From its inception, the Korean Wave seems to be engineered by Korean government who regards the development of ‘cinema and other media content production as a national strategic industry’ (Shim 2008: 17) and ambitious entertainment companies who are eager to penetrate into foreign markets with their carefully packaged products (Cho 2005; Ryoo 2009). This nationalist and capitalist approach to popular culture, however, does not work in favor of the long-term sustainability of Korean Wave in China. As Korean scholar Lee Dong Yeun predicted, ‘If the Korean Wave continues to surge, reflecting the diplomatic relations that supports a capitalist logic rather than a strengthening of the communicative power of civil society to provide the possibility of diversifying the cultural tastes of the masses, then it will have to put up a hard fight against China’s ethnocentrism and Japan’s malleable nationalism’ (cited in Cho 2005: 172).

The first noticeable backlash against Korean Wave on Chinese Internet was ignited by an offhand comment made by Korean singer-actress Jang Nara. In 2009, Jang Nara stated in a Korean talk show that whenever the production budget was tight she would go perform in China (Zhao 2009). While the comment frankly acknowledges the fact that China has become a major market for Korean entertainers to make good money, many netizens were upset by its implication that Chinese audience might be perceived as undiscerning cultural dopes by Korean stars. Although Jang Nara later apologized for her remark and claimed that she came to China to promote cultural exchange between the two countries, this incident has tarnished the image of both Korean stars and their Chinese fans. Since then, Chinese fans of Korean popular culture have often been stigmatized as ‘mentally retarded’.

On May 30, 2010, Super Junior fans went into scuffle with armed police and volunteers in order to get tickets for their idols’ concert at Shanghai World Expo. The news immediately aroused a new wave of protest against the Korean Wave and culminated into the so-called ‘69 Holy War’, in which over 100,000 netizens participated in the hacking of Super Junior’s official websites and their online Chinese fandom. The attack was scheduled on June 9 because it was the day that high school students finished their college entrance exam.

A study of the online discourse about the event shows that protestors emphasized cultural invasion, Sino-Korean disputes over the origin of some cultural traditions, South Korea’s claim of China’s northeast borders, and the negative coverage of China in Korean media. And they frequently belittled South Korea as China’s former tributary and an inconsequential small country (Shi 2010). The attack was also motivated by an underlying gender and sexual concern, as Super Junior fans are mostly ‘young girls aged from 15 to 25’, while their attackers ‘were young men of the same age group’ (Yang and Zheng 2012: 647).

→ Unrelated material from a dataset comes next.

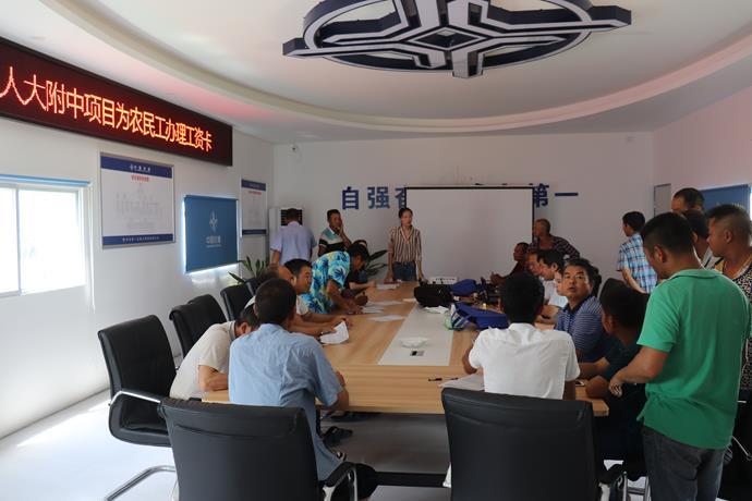 农民工工资问题一直以来都是国家的一件大事,根据国家《建设领域农民工工资支付管理暂行办法》等相关法律法规以及局和公司有关规定,6月26日,人大附中项目请来了中国建设银行三亚海港支行的工作人员在项目会议室为农民工集体办理工资卡。

The incident hence reads like an allegorical tale of a male chauvinist beating a woman in his tribe for her unruly desire for foreign men. Yet the violent and revengeful nature of the ‘war’ is compromised by the hilariously comic choice of the number ‘69’, a widely-known euphemism for the sex position in which two partners simultaneously perform oral sex for each other. Judging from the output of denouncement and self-defense from both fans and anti-fans on the Internet, two sides might have indeed engaged in some kind of mutually pleasurable oral intercourse. While anti-fans vented out their anger, fans reconfirmed their love for the idols.

The Onslaught of American Media Flows

Despite (or perhaps due to) years of warning against the dominance of American popular culture around the world, until the end of the 20th century the influence of American popular culture in China had been limited to fast food restaurants, Coca Cola, Hollywood movies, and NBA stars. American pop music used to be popular mainly among the cultural elites because not many Chinese listeners could understand the English lyrics. Since American TV series are usually laden with sexually explicit content, they were seldom dubbed and aired on Chinese TV screen.

Throughout 1980s and 1990s, only a score of American TV series were introduced to Chinese audience on a national level, far fewer than Hong Kong and Taiwanese TV dramas. Well-known American TV titles at that time include science fiction TV series »Man from Atlantis« (1977–1978), action series »Garrison’s Gorillas« (1967-1968), police drama »Hunter« (1984-1991), and family sitcom »Growing Pains« (1985-1992). The first and second series were both broadcast in 1980, one year after President Nixon visited China.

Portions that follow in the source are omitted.